Among the pitfalls to promoting investment in India is the manner in which agencies such as the National Green Tribunal have blocked the setting up of enterprises on multiple occasions. Each decision of theirs needs to be concluded only through a public hearing and need to be accompanied by a fact sheet showing the cost to the economy if a decision gets taken to stop a unit from coming up. Certainly plants have rights, but so do human beings in India to a decent life, something that environmentalists seldom seem to consider in their prescriptions. Of course, it needs to be repeated that the day needs to soon arrive when a Chief Justice of the Supreme Court will change the way the judiciary functions in the comprehensive manner in how CJI J.S. Verma created the Collegium system and walled off the higher judiciary from external interference in processes of selection. Courts need not only more judges and staff but far less cases that each takes up, many of which may not be entirely worthy of the court’s time. Timelines need to be fixed such that the maximum period for a case to be finally decided does not exceed five years, while the median time should be a year or less. The Supreme Court and the Law Ministry need to work together on such an overhaul of a system that has some of the finest juristic talent in the world.
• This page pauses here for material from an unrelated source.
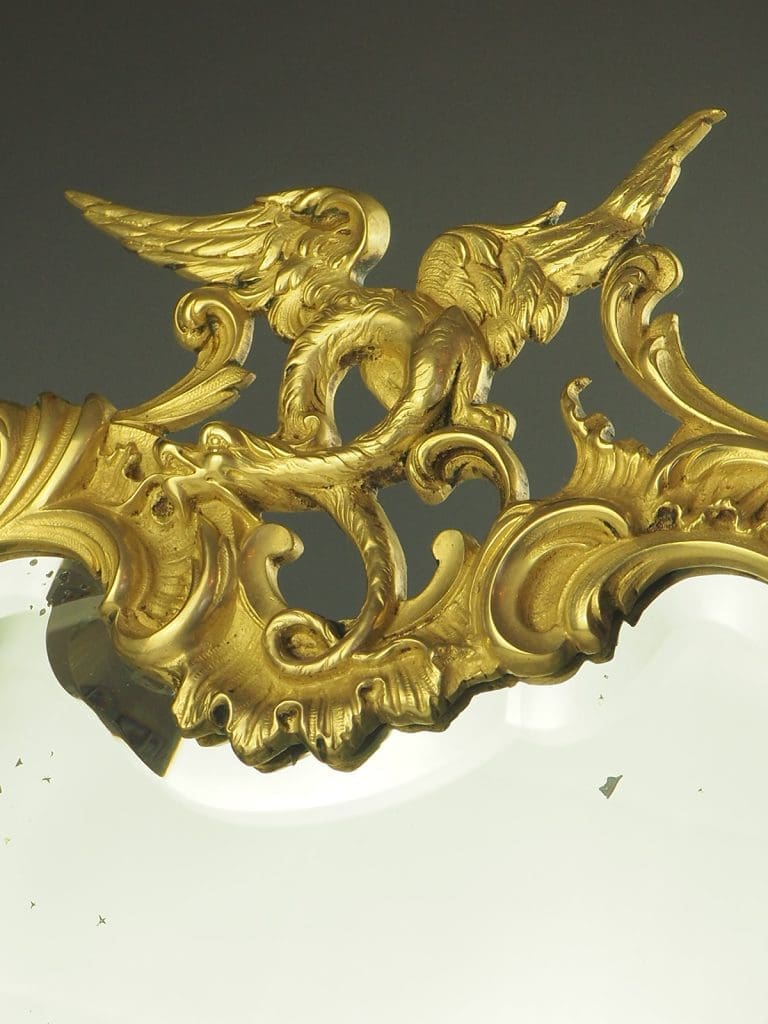 19th Century Rococo Revival Cartouche Shaped Mirror is a true testament to the exquisite craftsmanship of the era. The mirror boasts an original quality bevelled mirror plate, ensuring a clear and crisp reflection. The ornate wrythen frame is a work of art in itself, adorned with intricate c-scrolls, a majestic dragon, delicate flowers, and elegant leaves. Each detail has been meticulously crafted, showcasing the attention to detail and artistic flair of the period.

(5) If India is to seriously compete with China in becoming a global manufacturing hub, what is needed is to establish pre-fabricated housing complexes for temporary workers around manufacturing complexes. Such housing is an essential part of infrastructure and need to be developed at speed, so that the next pandemic (and there will be more) does not cause the problems seen in Mumbai and Delhi during the Covid-19 outbreak. Such housing will also incentivise migrant labour to return to locations where they are needed.

(6) Expansion of the education sector needs special attention, especially the use of online methods. Educational and entertainment programs designed for migrant labourers could also be developed under the Skill India rubric. The use of online systems for teaching needs to be encouraged. A way to garner jobs and resources would be to assist in setting up individuals with language skills to launch online courses in the English language for those in other parts of the world seeking to learn the international link language. India could be the world champion in the teaching of English as a second language across the world. Other centres could train teachers in Portuguese to enable them to go to Brazil and others in Russian to enable migration to another country needing an influx from outside that is compatible with the culture and disposition of the Russian people, who are among the most admirable in the world. India lost the chance under Jawaharlal Nehru and Indira Gandhi to send millions to countries such as the UK that at the time welcomed immigration. Given the immense goodwill President Jair Bolsanaro and President Vladimir Putin have for Prime Minister Modi, certainly hundreds of thousands of law-abiding citizens from this country could be welcomed in giant states that have immense gaps in their existing manpower, including in schools, farms and health facilities.

The strong action in the health field taken by Prime Minister Modi appears to be ensuring that India escapes the worst of the Covid-19 disaster, and will soon be on the road to the pre-Covid-19 situation in terms of health. What is needed is a similar set of actions, this time designed to ensure that the economy emerges from the Covid-19 pandemic in even better shape than when it entered it. This may seem a big ask, but “Modi hai to mumkin hai”.